EX-5 3 opinion.htm [DP&R Draft 1/04/00]

Exhibit 5.01

Dechert

November 7, 2000

Penn Virginia Corporation

One Radnor Corporate Center, Suite 200

100 Matsonford Road

Radnor, Pennsylvania 19087

 

Re: Stock Option Agreement with Lennox K. Black

Gentleman and Ladies:

We have acted as counsel to Penn Virginia Corporation (the "Company") in connection with the preparation of a registration statement on Form S-8 (the "Registration Statement"), to be filed today with the Securities and Exchange Commission (the "SEC") under the Securities Act of 1933, as amended (the "Securities Act"), relating to an aggregate of 40,000 shares (the "Shares") of Common Stock, par value $6.25 per share, to be offered pursuant to the Company's Stock Option Agreement dated as of July 13, 1994 with Lennox K. Black (the "Plan").

We have examined the Plan and such corporate records and other documents and matters of law as we have considered appropriate to enable us to give this opinion.

Based on the foregoing, it is our opinion that the Shares, to the extent they are newly issued, have been duly authorized and when issued and sold in accordance with the provisions of the Plan will be validly issued, fully paid and nonassessable.

Our opinion contained herein is rendered to the Company in connection with the filing by the Company of the Registration Statement with the SEC pursuant to the Securities Act and is solely for the benefit of the Company in connection with such filing.

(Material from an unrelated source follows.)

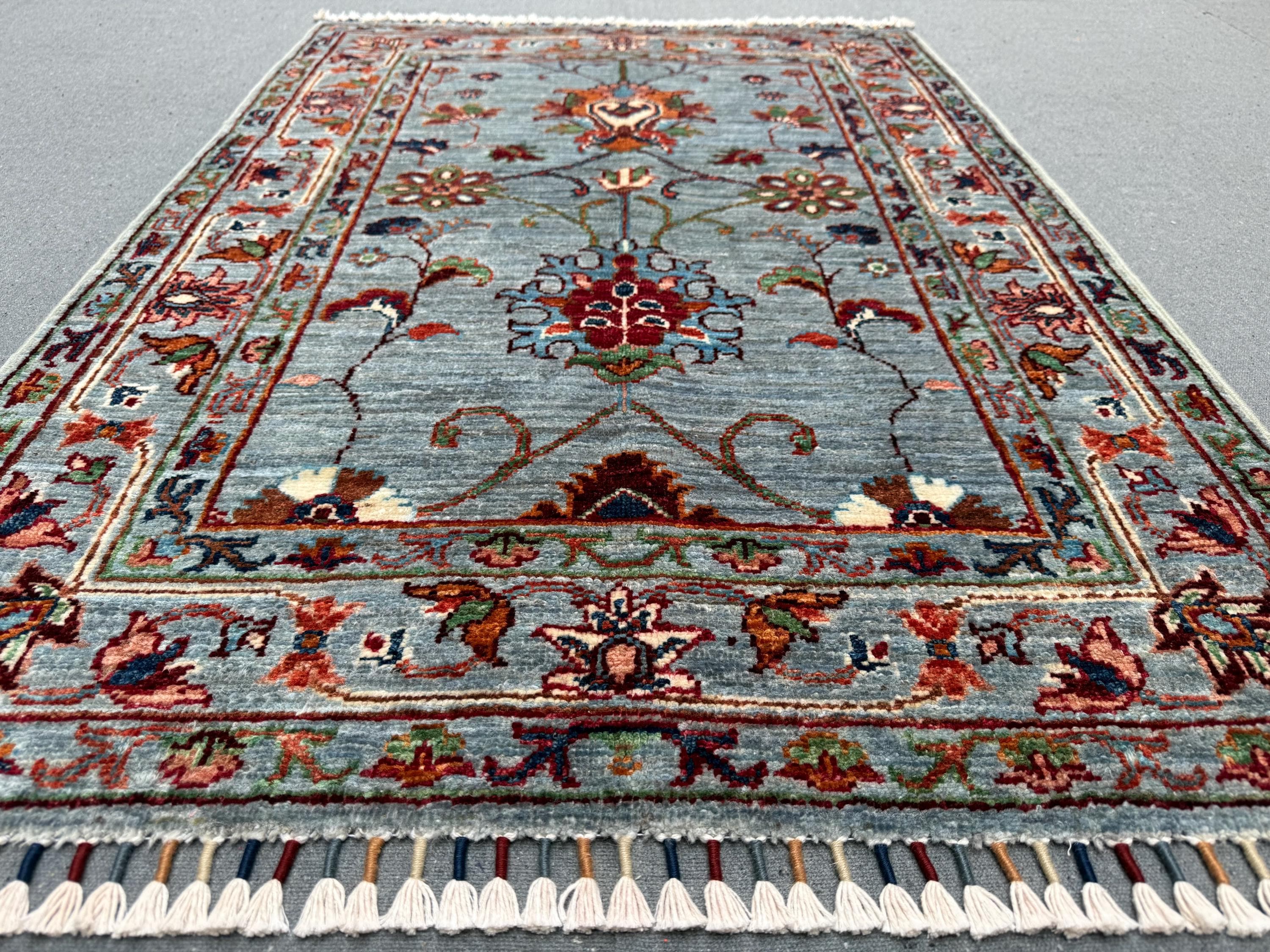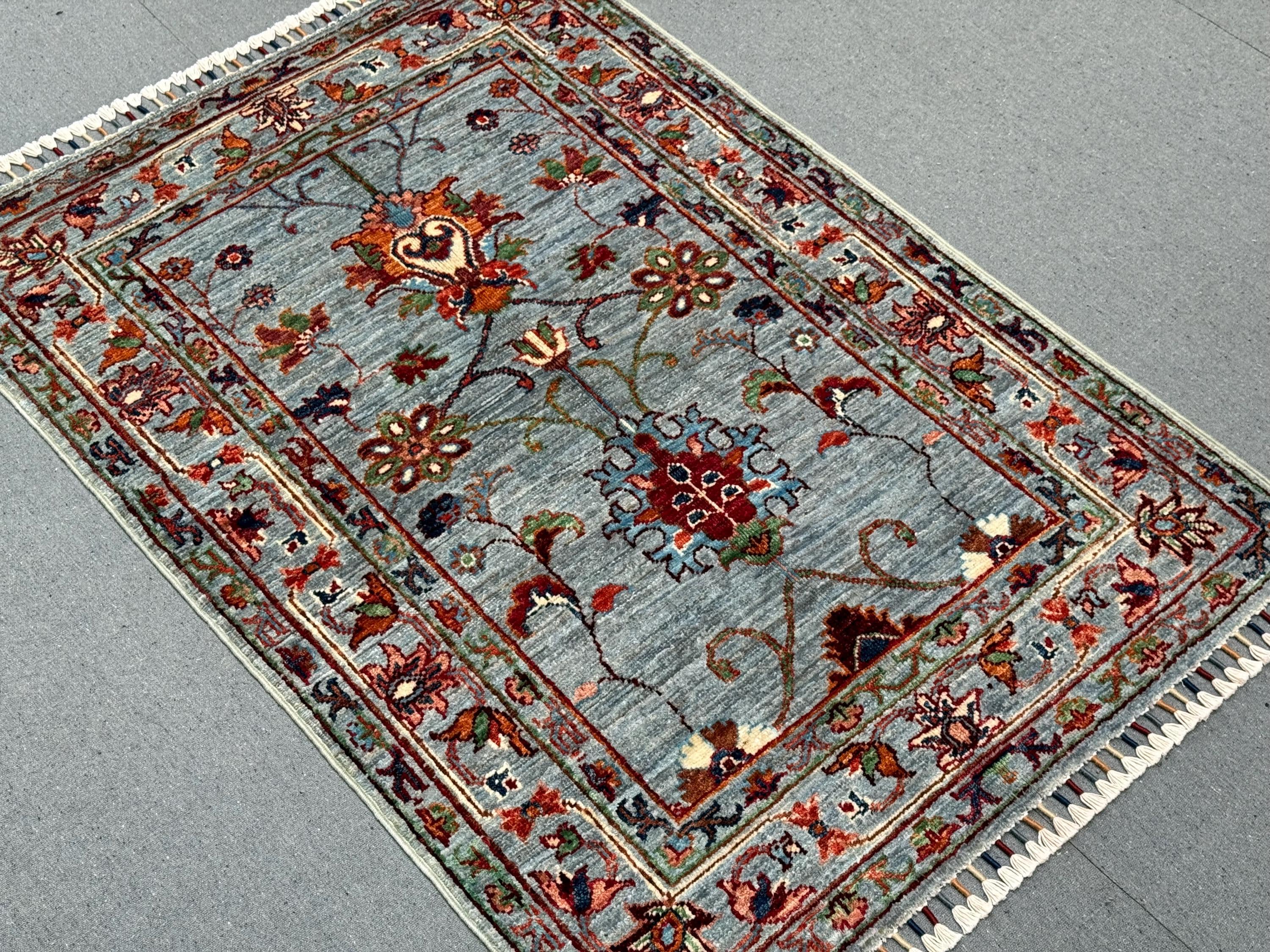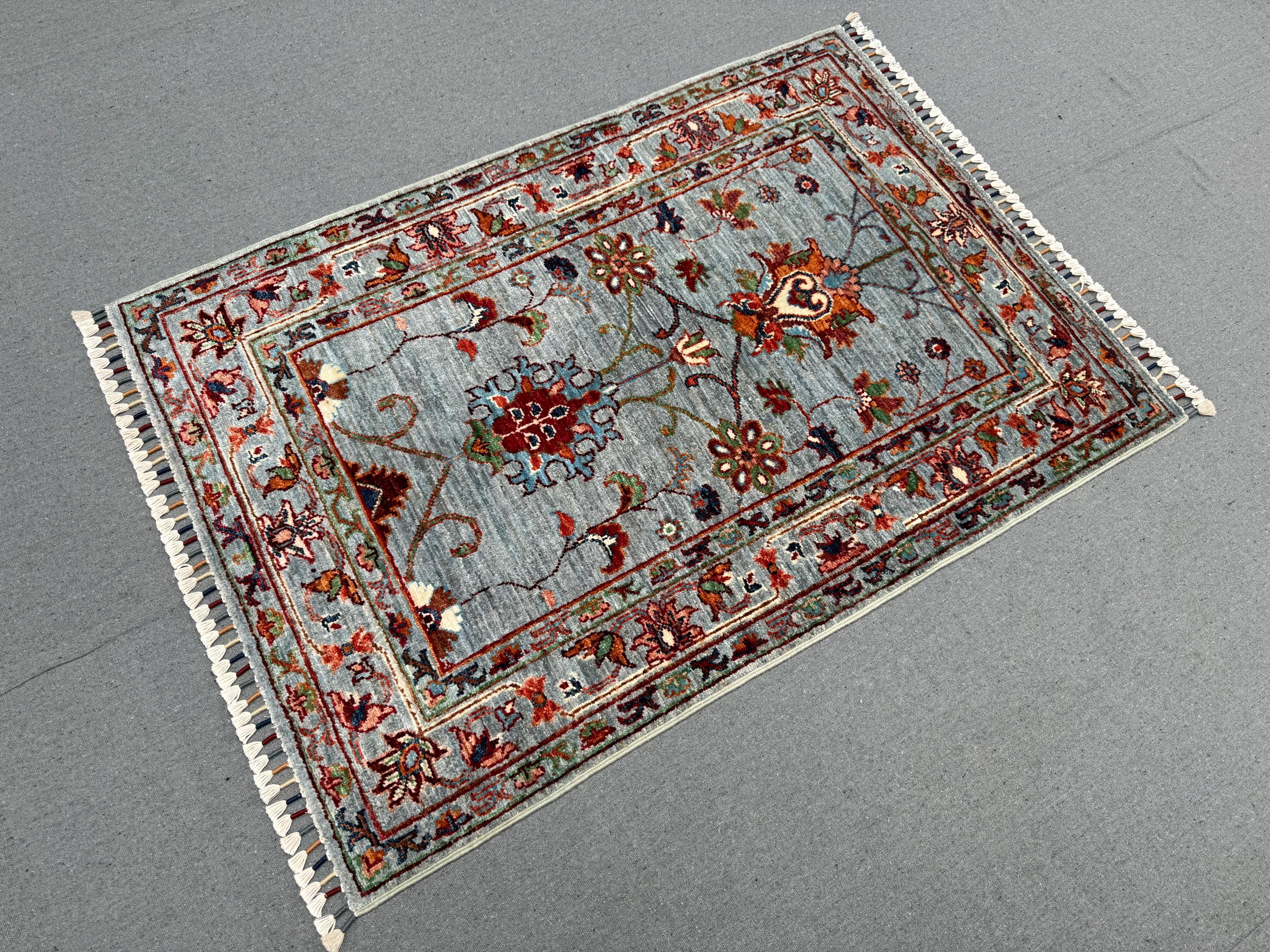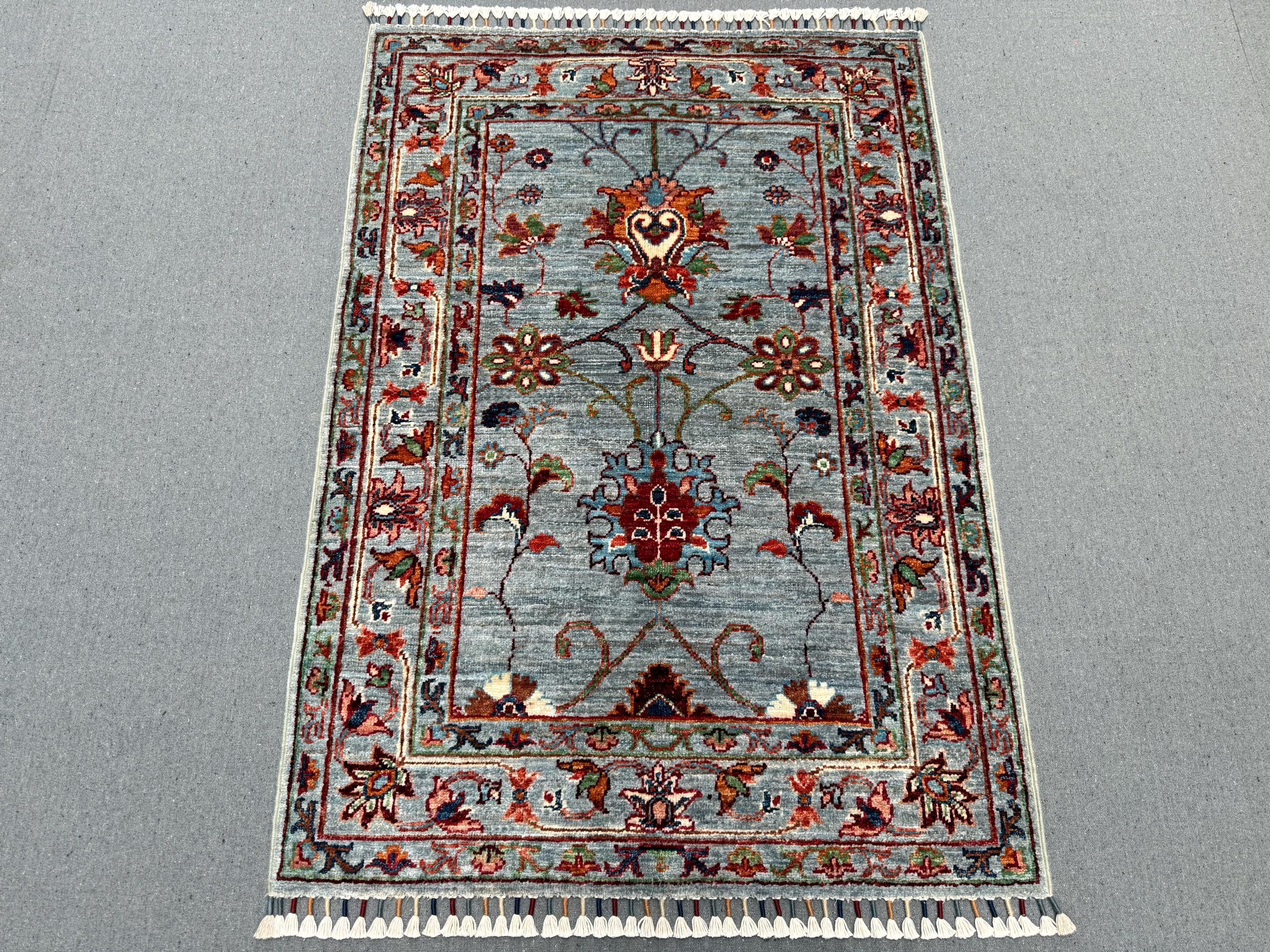Handmade Sultani Wool Rug 2.9x3.1 ft Blue Floral Oriental Area Rug Traditional Tribal Design Small Accent Rug

This opinion may not be used or relied on by any other person, nor may this letter or any copies thereof be furnished to a third party, filed with a government agency, quoted, cited or otherwise referred to without our prior written consent, except as noted below.

We hereby consent to the filing of this opinion as an exhibit to the Registration Statement. In giving such consent, we do not thereby admit that we are in the category of persons whose consent is required under Section 7 of the Securities Act.